Tuesday, February 22, 2011

The Rain Barrel and Me

I loved spending days and nights at my grandmother’s house.
Not because she let my sister and I get away with much. And not because she honestly thought food was the cure for everything. And definitely not because she scrubbed too hard behind my little ears with a washcloth and Ivory soap before bed every night. Yeah, the floating Ivory soap in the old yellow plastic washbin.
The thing that fascinated me most was the old rain barrel in her yard.
Right outside her back door, down the wooden stairs and below the long line where she hung the clothing, it was the first place I would always visit. It was the one mystery among all the places to explore and things to play with.
It leaned toward the sunset, just a bit. Never quite full on that one side, even when it was as full as it could be. I climbed up and looked into the dark water. There was never much of a reflection. A dark shadow on bright days. Nothing at all on cloudy days. I was rapt with the mystery.
The water was cold, no matter how warm the day was. I could reach into the dark, but not for long. It was too cold.
Nana used the captive rain to fill her watering cans to water her delicate flowers. Marigolds, pansies, snapdragons. The flowers were everywhere. And the mystery at the bottom of that big steel barrel never got any clearer as the level dropped lower and lower and lower into the shadow. It just became more of a mystery. What was at the bottom? I never saw it. And every time I returned to Nana’s house and ran down the wooden stairs and out the back door to inspect the big rain barrel, it was full.
It’s not there anymore. I don’t know what happened to it. One day, long before it disappeared, I just stopped looking in it. Then it was gone. Still a mystery.
I always had a job to do at Nana’s house. My job was to mow the large lawn. Her little house was right in the middle of three large city lots on a quiet street, just one house and a laneway away from the corner store where I would buy my FudgeSicles, winter or summer, but especially winter.
Two women owned the store and lived in the house attached to it. One of them was tall and had bright red hair. She looked a little like my grandfather on my Mom’s side when he took his teeth out. The other woman was shorter, plump and walked with a prominent limp. There were always family whispers about the two of them. No one ever said anything to them. And we went to their store all the time. The first day she met me, Red was the first one to call me a little girl. I was thrilled. I was always happy to see Red after that.
Our favourite game in the afternoon, my sister and I, was sitting at the top of the stairs between the kitchen and the upstairs bathroom and  ‘bumping’ all the way down on our bottoms, like two giggling Slinkys. It wasn’t something we were supposed to do. I remember being told that. We did it anyway.
In the evenings, my sister and I were always invited to the kitchen table to play cards with Nana. She loved to play card games. I loved the card games. Nana loved to win.

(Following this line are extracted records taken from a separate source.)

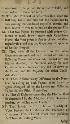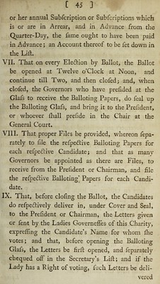 ![t 4s ] - ;n who fhall be hereafter difcharged, fhall be re-ad¬ mitted on any account whatfoever. That every Servant be acquainted on their Ad- miffion, that they are to do any Bufinefs that the Neceffity of the Charity requires, though not in the particular Station for which they are hired: That neither the Porter, nor any other of the Ser¬ vants, do prefume to go out of the Hofpital, with' out firft aiking Leave of the Matron. That all the Laws, Orders, and Regulations of the Hofpital be ftridtly obeyed and performed ; and that the fame be not altered in any Refpeft, but by the Direction of a Quarterly General Court, or by a Special General Court called for that Purpofe. That all the Laws, Orders, and Regulations be read once a Year at leaf!:, and particularly at the firft General Quarterly Court to be held after Chrijhnas.](https://iiif.wellcomecollection.org/image/b30792356_0052.jp2/full/800%2C/0/default.jpg)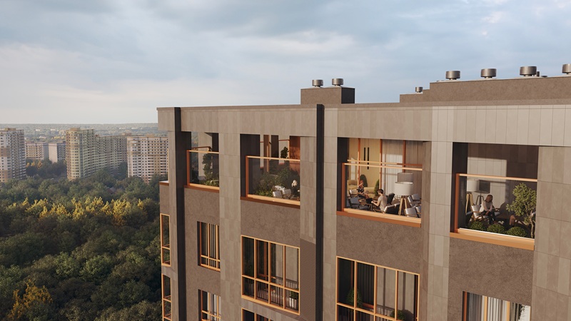 О втором мы уже напоминали, оно венчает самую высокую башню и становится смотровой площадкой для жителей. В квартале «Модернист» любоваться панорамой города можно, даже если квартира находится на нижних этажах.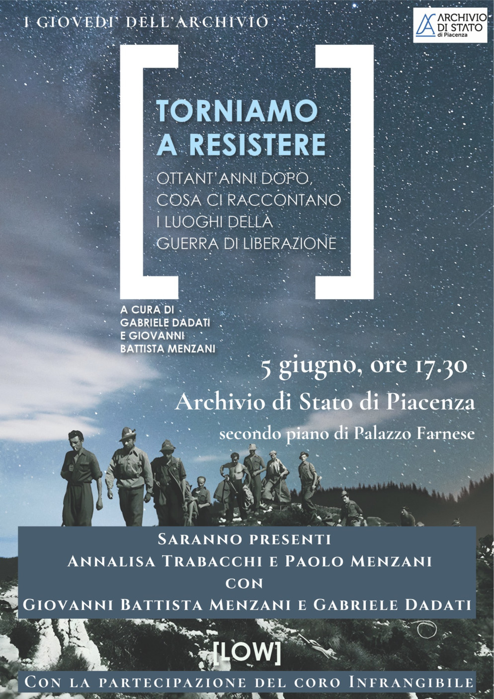 Nell’ambito del ciclo I giovedì dell’Archivio, l’Archivio di Stato ospita, giovedì 5 giugno alle ore 17.30, la presentazione del volume "Torniamo a resistere. Ottant’anni dopo cosa ci raccontano i luoghi della guerra di liberazione", a cura di Gabriele Dadati e Giovanni Battista Menzani.

Bedtime was so familiar, so peaceful. Nana would say, “I love you just the same.” Just the same. She said that a lot. It was the old Scot in her. Hearing it was part of the experience.

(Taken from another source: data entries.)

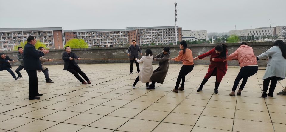 活动包括呼啦圈比赛、跳绳比赛和拔河比赛。回环飞舞的呼啦圈衬托出女教职工婀娜的身姿,上下翻飞的跳绳掩映着女教职工敏捷的脚步。最后的拔河比赛将庆“三八”活动推向高潮,由女教职工组成的“巾帼”队和男教职工组成的“须眉”队展开了激烈争夺,最终“巾帼”队以2:0 的分数取得胜利。
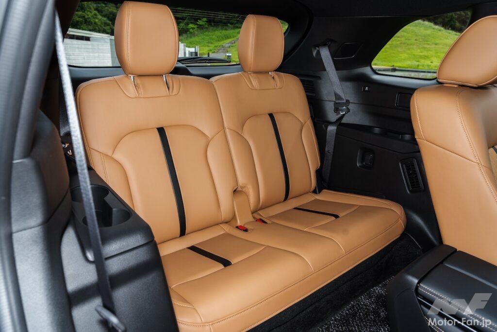 3列目シートは「大人がしっかり座れる、閉塞感、孤立感の少ない空間」を目指して開発された。リヤドア開口部は平坦にし、3列目シートに向けてはステップを分かりやすく配置することで乗降性に配慮。CX-8同様に、身長170cm相当の乗員の着座を保証している。ただし、ヘッドルームはCX-8比で約30mm拡大し、クオーターウインドウの大型化と相まって広々感を向上させている。2列目の頭上まで広がるパノラマルーフのおかげで視界が開けているのも、広々感の向上につながっている。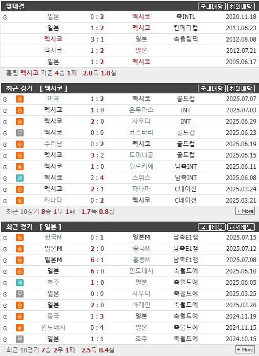 - 의의: 멕시코는 골드컵 우승 후 기세 유지, 일본은 안정적 조직력과 화려한 득점력으로 ‘넘지 못할 벽’ 구축 중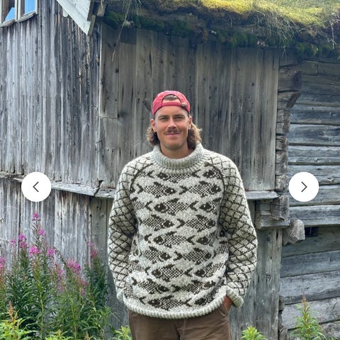 "Heia Norge" genser herre selges. Garn opptil størrelse small, men ingenting i veien for å strikke xs heller. Får med oppskrift på ark om ønskelig.

I slept in the old iron bed her mother gave to her, in the upstairs bedroom, the one with the gabled roof and the “cubby” for my clothes and no door for privacy. It was impossible to sleep anywhere in the bed except in the middle of it, directly in the middle, where there seemed to be a dent in the mattress. Nana always put a high-back chair next to the bed to make sure I wouldn’t fall out. But once I was in the dent, I was there for the night.
Once in a while, she would sing to me, an old Scottish song. I don’t think it was a lullaby.. But it was comforting. And then she said, “Shut your een.” I still don’t really know what she meant. Doesn’t matter. I sometimes say it to my son.

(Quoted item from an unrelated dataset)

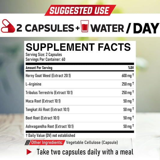 7-in-1 Ultra Test Support Supplement with Tribulus Terrestris, Horny Goat Weed, L-Arginine, Maca Root, Tongkat Ali, Beet Root - Energy and Muscle Strength Booster - 120 Capsules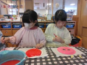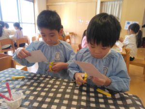 鬼の角を丸めて、立体感を出したり、画用紙に自分で一から書いて切り取ったり、

When Nana left the room, she left the soft orange glow of my night light. A little disc, about the size of a 50-cent piece that sat directly in the wall socket, glowing like a harvest moon. For years, I fell asleep in the glow of that night light.
The old house is gone. So is the rain barrel and the iron bed and the flowers and the staircase and the card games. Even the night light is gone. And Nana left us two days after my son was born.
I love spending days and nights with my son.